The input below:

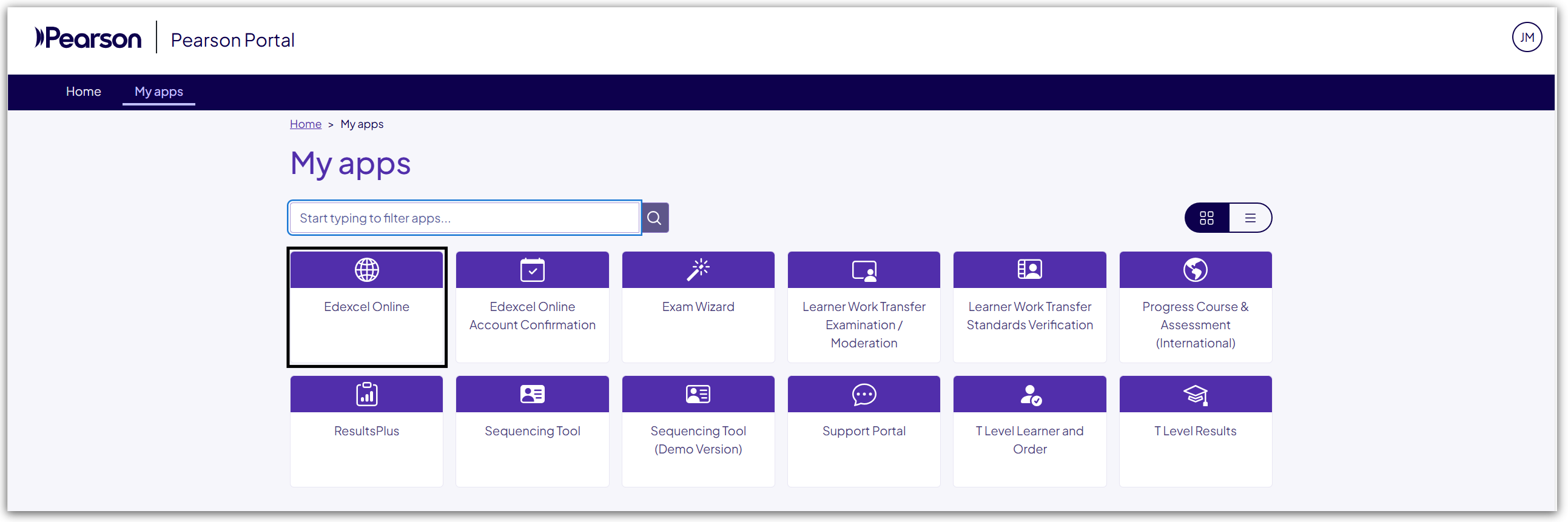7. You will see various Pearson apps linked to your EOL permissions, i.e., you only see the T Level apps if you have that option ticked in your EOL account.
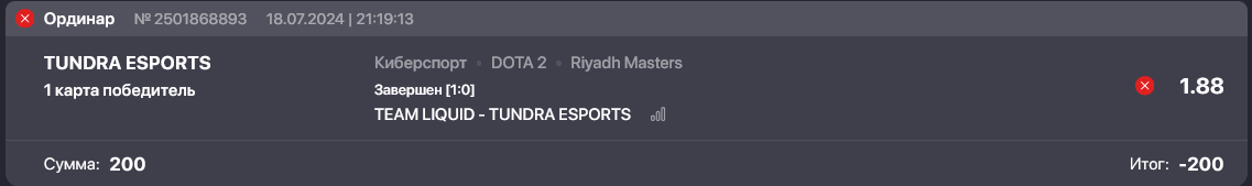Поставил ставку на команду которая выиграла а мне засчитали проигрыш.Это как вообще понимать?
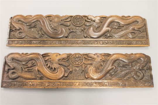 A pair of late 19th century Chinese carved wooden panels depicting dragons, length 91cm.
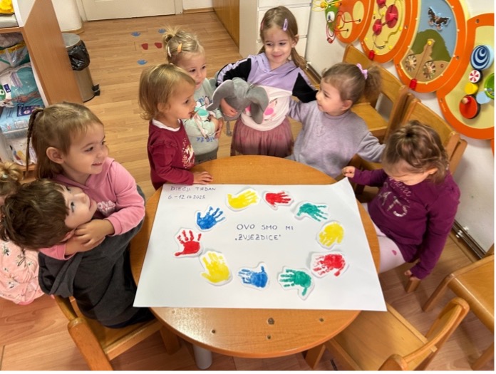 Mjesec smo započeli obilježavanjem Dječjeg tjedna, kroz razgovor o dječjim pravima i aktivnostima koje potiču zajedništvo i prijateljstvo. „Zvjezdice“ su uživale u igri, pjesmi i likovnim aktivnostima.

End of The input.
The input below:

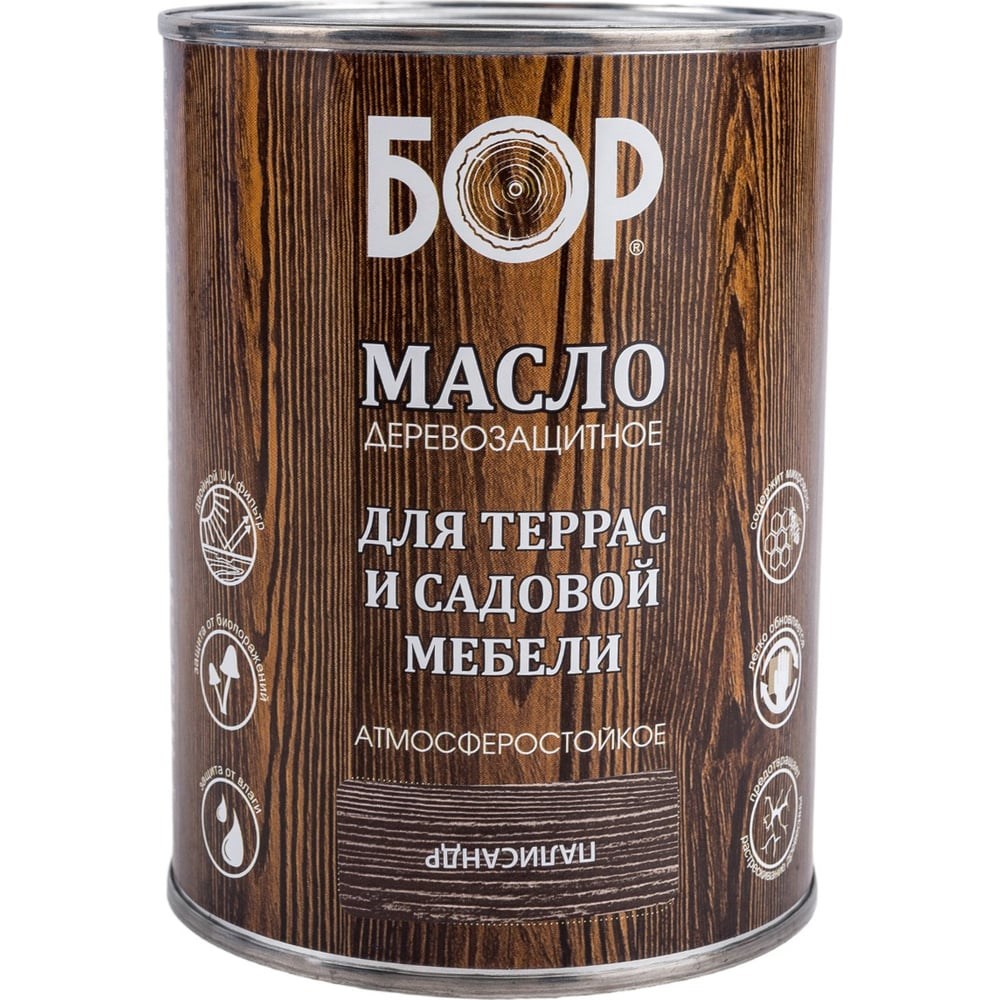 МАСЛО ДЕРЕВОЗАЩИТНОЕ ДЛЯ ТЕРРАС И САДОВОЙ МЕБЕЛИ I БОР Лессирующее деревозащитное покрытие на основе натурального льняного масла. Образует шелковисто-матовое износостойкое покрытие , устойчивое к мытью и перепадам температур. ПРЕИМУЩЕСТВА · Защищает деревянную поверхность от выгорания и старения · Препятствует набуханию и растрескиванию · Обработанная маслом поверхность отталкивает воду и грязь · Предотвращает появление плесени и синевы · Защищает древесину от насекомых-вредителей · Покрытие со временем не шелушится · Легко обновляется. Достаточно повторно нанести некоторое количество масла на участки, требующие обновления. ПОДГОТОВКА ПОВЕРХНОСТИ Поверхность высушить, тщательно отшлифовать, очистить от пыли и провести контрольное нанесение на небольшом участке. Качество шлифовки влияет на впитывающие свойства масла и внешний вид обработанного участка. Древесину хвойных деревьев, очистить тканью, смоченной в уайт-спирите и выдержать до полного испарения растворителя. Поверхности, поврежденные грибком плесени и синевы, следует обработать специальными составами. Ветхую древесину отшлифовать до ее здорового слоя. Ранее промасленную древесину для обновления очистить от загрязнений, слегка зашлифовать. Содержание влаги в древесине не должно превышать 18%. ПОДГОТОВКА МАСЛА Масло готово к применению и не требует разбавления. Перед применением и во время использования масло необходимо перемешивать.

End of The input.
The input below:

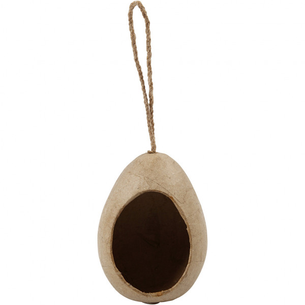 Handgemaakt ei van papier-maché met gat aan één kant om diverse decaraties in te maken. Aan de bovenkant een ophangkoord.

End of The input.

### Instructions to follow
Please return the material above only from the line that holds "7. You will" through the line that holds "Поставил ставку на", exactly as it stands, ends included and pictures omitted.

### Reply
7. You will see various Pearson apps linked to your EOL permissions, i.e., you only see the T Level apps if you have that option ticked in your EOL account.
Поставил ставку на команду которая выиграла а мне засчитали проигрыш.Это как вообще понимать?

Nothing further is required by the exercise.